Volume 4, Number 26, Page 2

Investment Funds

by Jonas Bergstein

The following is a brief explanation of the most important aspects of investment funds (“FI”) as regulated by the Law of Investment Funds, FI No. 16.774 of September 27, 1996, and Circular No. 1.549 of June 3, 1997, of the Central Bank of Uruguay (“BCU”).

FI Formation

The FI is formed by individuals or companies wishing to make a group investment in assets. The contributors are co-owners of the goods that comprise the FI.

The FI is not a society. It should be handled by an administrative entity (la administradora), which acts for the contributors or shareholders (cuota partistas). The FI is not responsible for the contributors’ debts or for the administrative debts.

Participation in an FI can take the form of titles or stocks, which can be nominative or made out to the bearer. Issuance of a title should include its value, denomination and administration address.

Administration

The administration should take the form of a corporation with nominative stocks (escriturales). Banks and other financial intermediaries may establish or integrate an administration.

The BCU must authorize the administration before it can begin operation.
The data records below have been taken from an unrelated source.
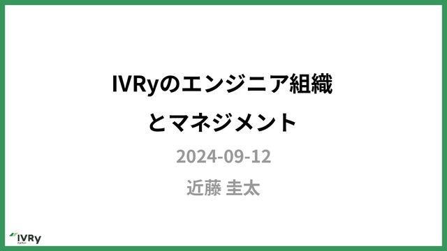 IVRyのエンジニア組織 とマネジメント 2024-09-12 近藤 圭太
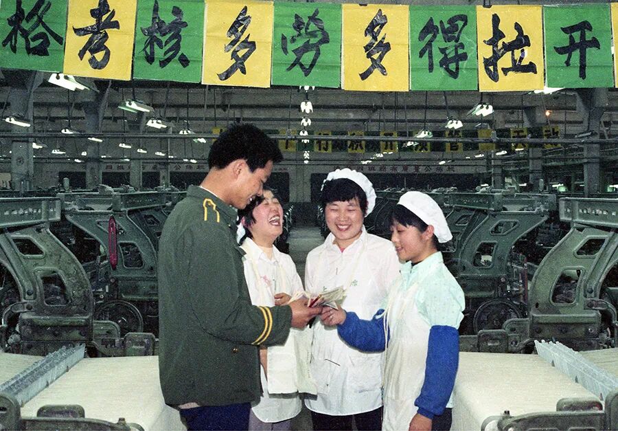 上棉厂还有一群坚强而美丽的纺织女工,她们“眼疾、手快、脚头勤”,在机器运转的声响和节奏中,不分昼夜年复一年完成规定的操作。“一三五政治学习,二四六操作练兵”是那个时代特有的口号,每日工作之余进行学习与操作练兵也是常态。纺织女工操作技能提升的背后,同时离不开保全保养工的悉心守护,他们是上棉厂的“蓝领”,用精湛的技术时刻养护着一台台纺织设备,确保它们正常运行。厂内的义务服务小队,把有一技之长的职工组织在一起,开展了形式多样的义务活动,拍照、理发、缝纫、植树和维修等服务,成为了上棉厂一道道靓丽的风景线。
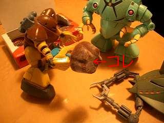どうも。愛玩動物モルモットでぱぷてまうす。コレやらアレやら・・・こんなのあったっけ(TwT)未公開で、放置してまうすが、そのうち公開しまうす。ご主人様今、在庫の「Ζガンダムに登場、1/144スケールの某MS」開発ちう。武器番号でいうと、「PMX-うんちゃらかんちゃら」でございまうすね。意味なく謎を残しまうす。で、その「PMX-うんちゃらかんちゃら」・・・なんかコレ・・・予想以上に、でかい・・・むー。結構大型だったのでございまうすね。ご主人様ちとびっくり。コレに匹敵するでかさでございまうす。どうも、妙にでかいザクです。マシュマー君ちの、ザクさんかい?と、ほぼ同じ・・・というより、もっとでかい可能性が・・・ぶるぶる。ちなみにその謎MS、旧キットでございまうすのでコレではございませぬ。・・・て、1/144の「PMX-なんとか」って、コレ除いたらアレしかないぢゃ無いですか。おまけ「本日の20世紀の親切」「ほう、これは親切な。・・・しかしコレで足りるのかね?」画像のモノは、改良強化新型グフに付いてた奴でございまうすが、「PMX-なんとか」にも付属してたり。昔は、こんなの付いてたりしたのでございまうす。懐かしいと思った「にうタイプだが、ちとオールドタイプ」な方、遠くでも見つめて下さいませ。

The assets of the FI are independent from the administration. The administration should make available accurate, verifiable information concerning the administration, including the essential information that a diligent investor would consider relevant.

The administrators, the board of directors and managers of the FI may not acquire stocks, bonds or other assets of the FI that they oversee.

Constitution of the Fund

The regulations that apply to the relationship between the administration and the contributors address the following issues:

  • whether the FI will have a limit on investment amounts;
  • the nominal value and number of shares (cuotapartes);
  • the investment policy;
  • issuance and refund procedures, as well as protection of the investments; and
  • the payment of commissions, administrative expenses, custody of the goods and other matters.
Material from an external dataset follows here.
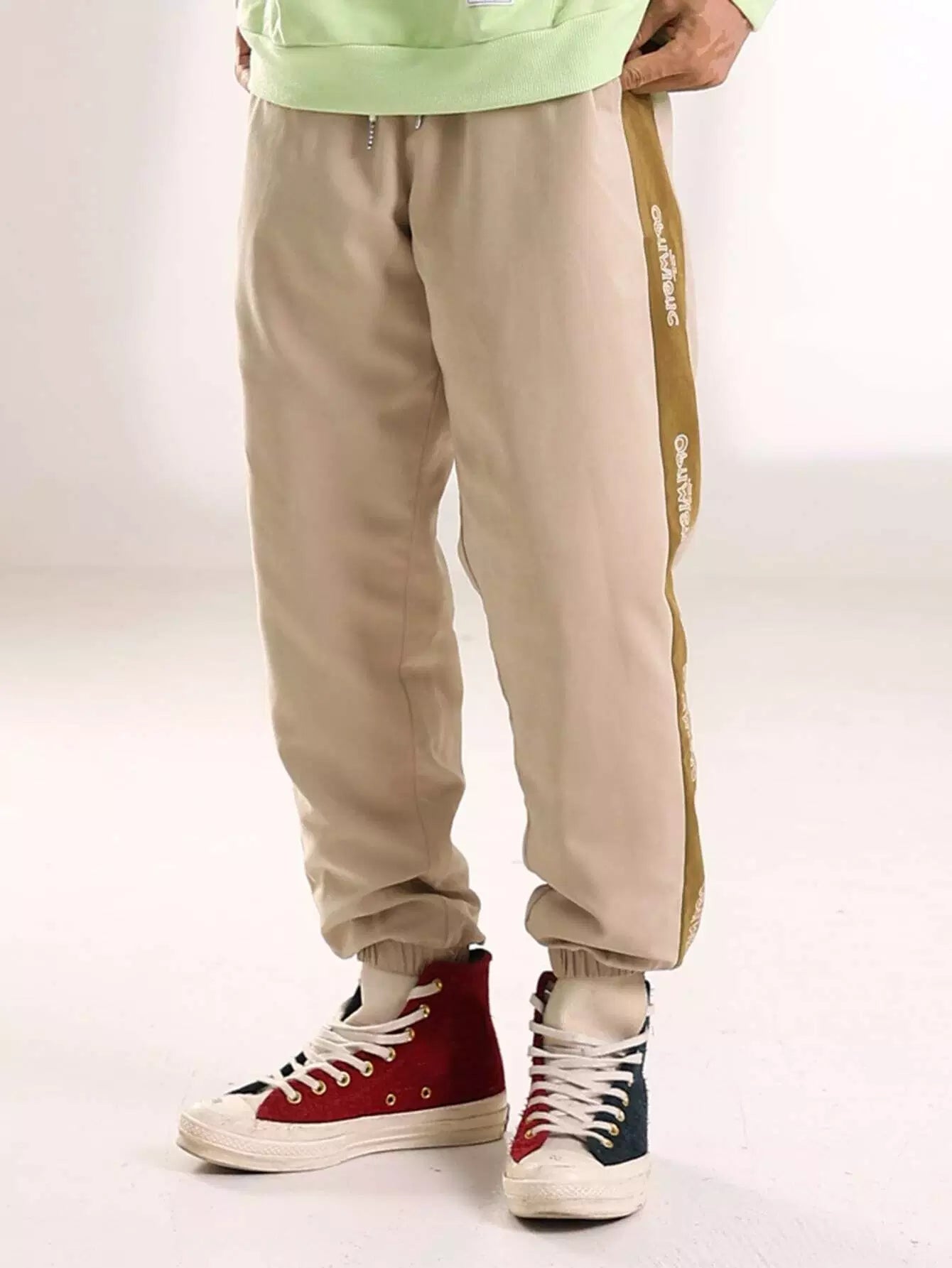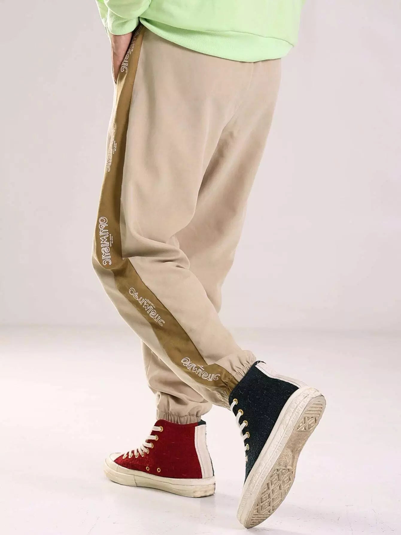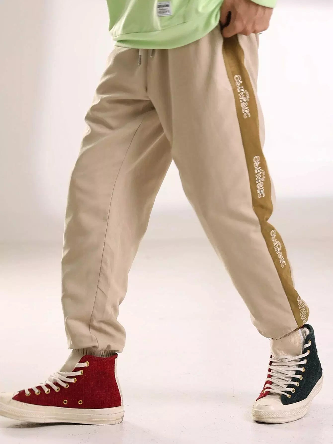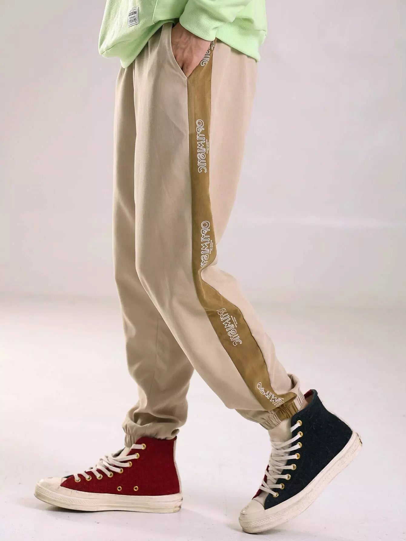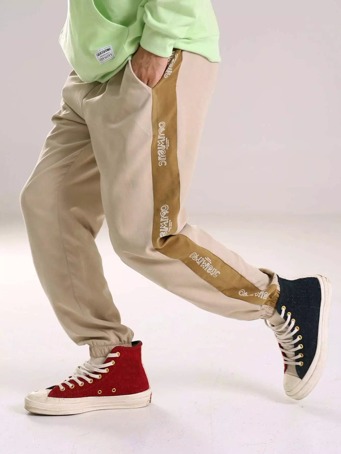 بنطلون رجالي بخطوط جانبية متباينة ورسومات بأحرف

The administration should produce a prospectus for selling shares. The prospectus should state whether the FI will be listed in the stock market exchange.

The BCU should also be provided information with regard to the entity that will have the goods in custody and hold the certificates of the FI.

Investments

The FI can invest in the following:

  • the registered values in the Stock Registry of BCU;
  • national or foreign public stocks;
  • fixed rate deposits in companies of financial intermediaries;
  • certain foreign stocks; and
  • other stocks and investments authorized by the BCU.

The BCU has the power to dictate norms concerning the following: the maximum percentage of FI that can be invested in the same stock; the minimum percentage of the FI that has to be invested in fixed rate investments; and the maximum deposits in foreign financial intermediaries.

Other Issues

The BCU is assigned regulation and comptrollership jurisdiction over FIs.

Standard confidentiality rules that apply to banks also apply to FIs.

Jonas Bergstein is a lawyer with Estudio Bergstein in Montevideo, Uruguay.